The other production-ready framework is Yew, built on Rust, a modern language similar to C++, except with memory safety due to the weird way it handles references. Yew is fast, supports a component based model like React, and has interoperability with JS APIs.
asm-dom is a library written for C++, that doesn’t do more than hook up C++ code to the DOM. Obviously you will need to bring-your-own-framework here, but most developers crazy enough to write web apps in C++ will likely do that anyway. It also has support for falling back to asm.js, an early version of what WebAssembly was trying to be. It’s basically a subset of JavaScript restricted to only using integers (i.e., only bytes, not objects), which makes it easier to transpile C++ code to, as that’s basically all C++ code uses at the end of the day.

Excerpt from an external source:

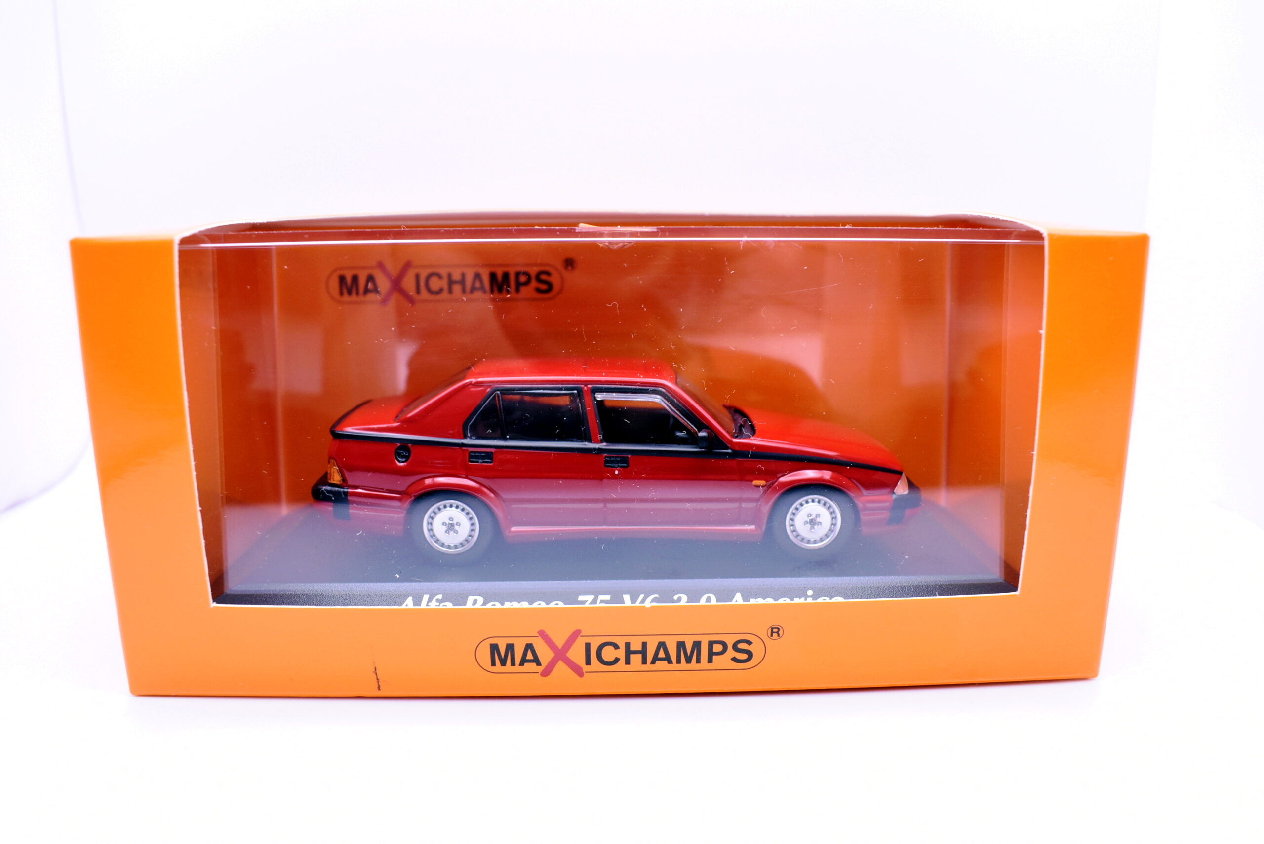 Modellino auto scala 1:43 alfa romeo 75 V6 3.0 america maxichamps diecast modellismo da collezione

Having this support isn’t very useful though as there are very few environments that won’t support WASM but will support asm.js.
Vugu is a framework written in Go, supports components and is modeled after Vue syntax, but is still experimental. There’s also Vecty, which also a popular Go framework.
RELATED: How to Create C# Client Web Apps With Microsoft’s Blazor Web Framework
The Future Of WebAssembly
This has all focused on client web frameworks using WASM to manipulate the DOM and build applications. But, you can also just port entire desktop applications to the web. That’s what Uno does—uses WASM to run Universal Windows Platform (UWP) apps directly in a web container, which also comes with the added benefit of being completely cross-platform. It’s actually a bit uncanny how well this works, and really feels like you’re using a native Windows app. You can check it out yourself in their gallery.
There’s a lot more to the WASM ecosystem than just these. If you’d like to learn more, you should read through the awesome-wasm compilation on GitHub, which lists a bunch of popular projects.
The most notable one that we didn’t mention here is WASI—a way to run WebAssembly portably on any system using a standardized system interface. As WASM becomes more and more performant, WASI could prove to be a viable way to run any kind of code on any kind of system, similar to how Docker works but without the restriction on OS. In fact, Solomon Hykes, the creator of Docker, has endorsed it wholeheartedly:
— Solomon Hykes (@solomonstre) March 27, 2019
WebAssembly is only a few years old. It still has plenty of room to grow, and is still picking up speed. It’s not unreasonable that five years from now, frameworks like Blazor and Yew will be just as common as React, Angular, and Vue.
This could be argued to be fragmenting the web ecosystem, but WASM is cross platform. WAPM, a WASM package manager, may become the go-to way to share libraries between frameworks of different languages.
In any case, web frameworks running on WebAssembly have huge potential, and with Microsoft personally backing one, we’re confident that they’re the future of the web.